Heart structure and function.
The heart is a sort of upside down cone shape with bluntd edges. On the outside there is a layer of fat, and across it's surface are a network of veins and arteries, known as the coronary vessels, which keep the muscle suppiled with blood.
The heart's job is to pump blood around the body to where it is needed. Consequently, the heart is made up of cardiac muscle, which can contract often without tiring.
The heart is made up of four chambers. The top two are atria (singular: atrium) which take in blood from blood vessels. (The Vena Cave feed into the right atrium, the pulmonary vein into the left). The atria contract (atrial systole) and force the blood down into the two lower chambers, the ventricles. When these contract (ventricular systole) they push the blood into the arteries. (The right ventricle pushes blood into the pulmonary artery, the left supplies the Aorta). The blood entering the Aorta must travel all the way around the body, supplying all the organs except the lungs with blood, while the blood going into the pulmonary artery only goes to the lungs and back. Consequently, the muscle under the left ventricle is much thicker than that under the right, allowing it to contract with greater force.
The left and right sides of the heart are seperated by the septum, a wall of muscle and cardiac tissue.

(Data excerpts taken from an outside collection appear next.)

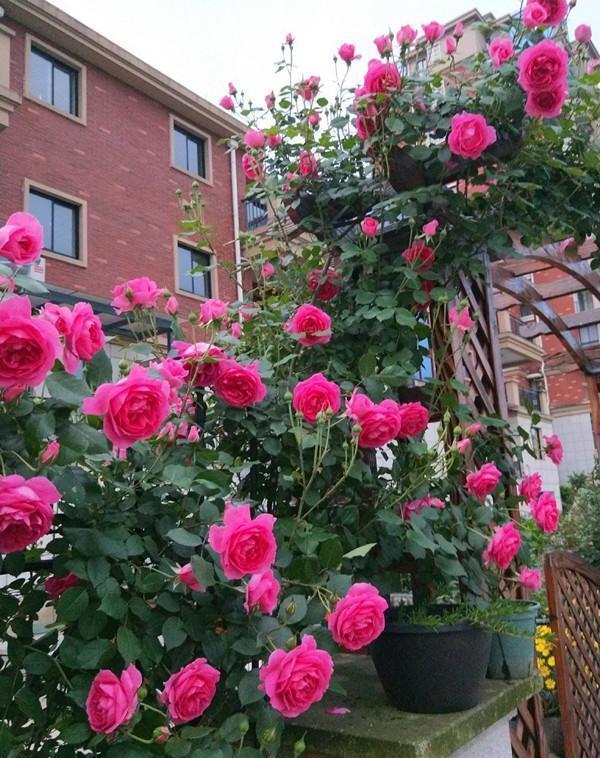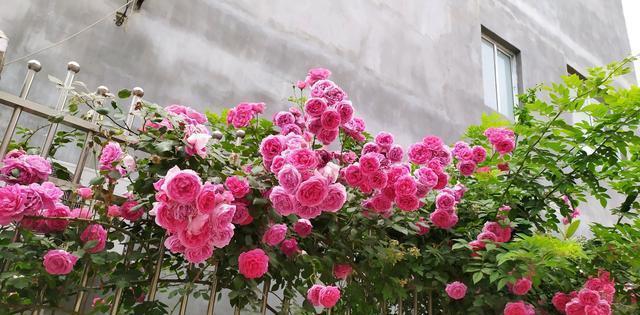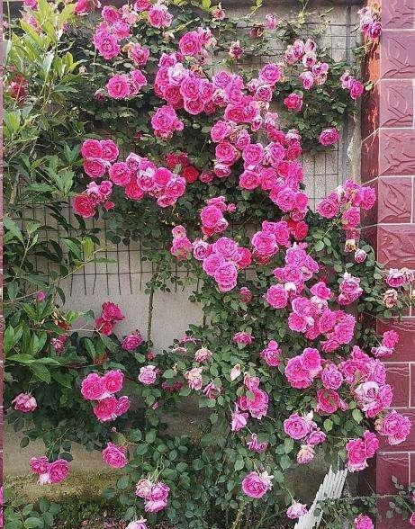 春季是适合养花的时候,特别是家有小院子,若是想养上一些花,现在就是最好的时候,今天我收一位花友留言,问院子现在适合养啥花? 能养在子里的花,我给她推荐的是一款藤本月季,它的名字叫做“大游行”,是一款长得最快,花期最长,花量最大的月季花,最适合种在院子里,可以打造花墙、花篱笆、花园打拱门,一般2-3年就能长满一大片,开花满头,特别的漂亮。 看看是不是很漂亮,大游行是一款特别棒的大型藤本月季花,地栽的月季花,能长得很高大,它的叶片能长到长到215-365厘米,宽度可以达到245厘米,它的花朵很大,一朵花的直径可以达到14厘米左右,花瓣可以达到33瓣左右,颜色是娇艳的深粉红色,香气温和,色泽艳丽。 大游行自从面世以来,距今有60多年,在这60多年里,一直备受人们的喜爱,可以说是养护最多的月季花,特别是庭院、公园里,用来打造花墙、花篱笆、花园拱门等等各种浪漫花境,一棵大游行的小苗,一般2-3年就能长出一大片。
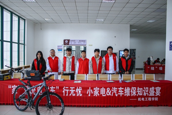 机电工程学院的“小家电 & 汽车维保知识盛宴” 项目,实实在在地解决了同学们“用坏了不会修”的困境。不知哪里出问题的电风扇又能转动了,自行车的链条也稳稳地安回去了,现场的同学们还印制了宣传资料,详细地整理了小家电和汽车的日常使用注意事项和基本维护方法,用专业知识为校园内外的师生们传递脉脉温情。
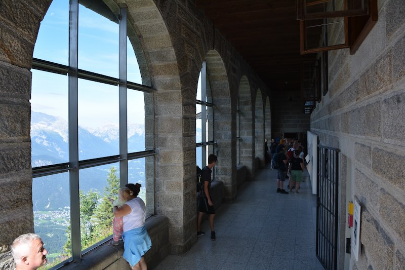 The eastern door opens onto a long, low-walled sun terrace, offering another breathtaking picture-postcard view of the Königssee and the surrounding mountains through a series of five wide arches, which have since been enclosed with glass. This sun terrace now hosts a picture gallery of the Eagle’s Nest, showcasing its construction, the building of the access road, and various moments from its historical use.
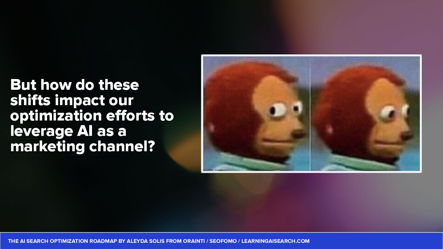 Authority & Popularity Signals 5. Results Presentation THE AI SEARCH OPTIMIZATION ROADMAP BY ALEYDA SOLIS FROM ORAINTI / SEOFOMO / LEARNINGAISEARCH.COM Let’s see what changes with AI Search, the industry state with it & how to align our optimization actions accordingly
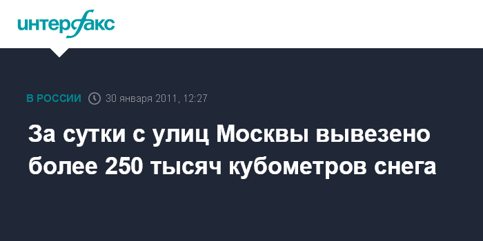 Москва. 30 января. INTERFAX.RU - С началом снегопада в ночь на воскресенье на улицы Москвы вышло необходимое количество снегоуборочной техники, сообщил "Интерфаксу" пресс-секретарь заместителя мэра по вопросам ЖКХ и благоустройства Игорь Пергаменщик. "Всего за сутки на снегосплавные пункты вывезено 252 тыс. кубометров снега", - сказал И.Пергаменщик.
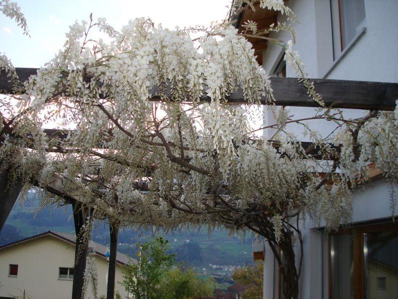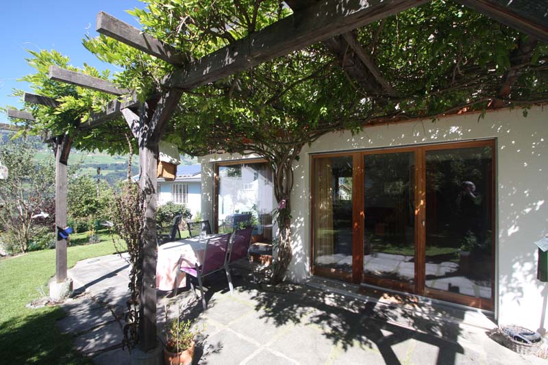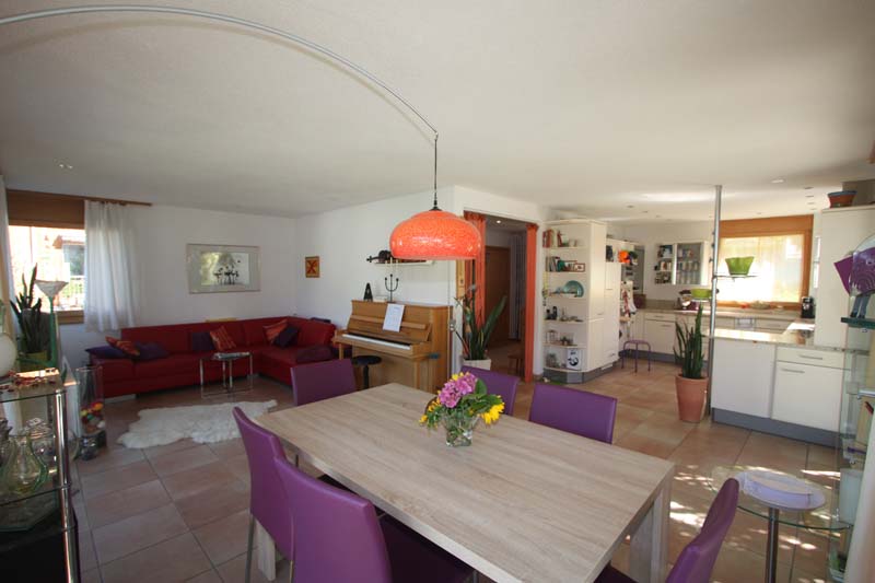 Eingangsbereich, Garderobe, Tages-WC/Lavabo/Dusche/Fenster, offene und helle Küche in Hufeisenform, Ausgang zur Pergola mit lauschigem Sitzplatz, Essplatz mit Eckfensteranlage, Wohnen mit Ausgang zum Süd-West-Sitzplatz mit tollem Bergblick.

Thje valves which stop the blood flowing back from the the ventricles to the atria are known as the atrio-ventricular (AV) valves. On the left are the Bicuspid and on the right the Tricuspid. There are also valves which stop the blood from the arteries flowing back into the ventricles. These are called semi-lunar valves.
PICTURE of heart with labels.
The cardiac cycle.
Systole refers to the contraction of the muscle.
Diastole refers to the relaxation of the muscle.
1. Atrial systole (which lasts around 0.1 seconds).
The atria are full of blood.
The AV valves are closed.
The atria contract, raising the pressure in the atria higher than the pressure in the ventricles.
The AV valves open and blood is forced into the ventricles.
2. Ventricular systole (which lasts around 0.3 seconds).
The ventricles contract almost immediately after atrial systole.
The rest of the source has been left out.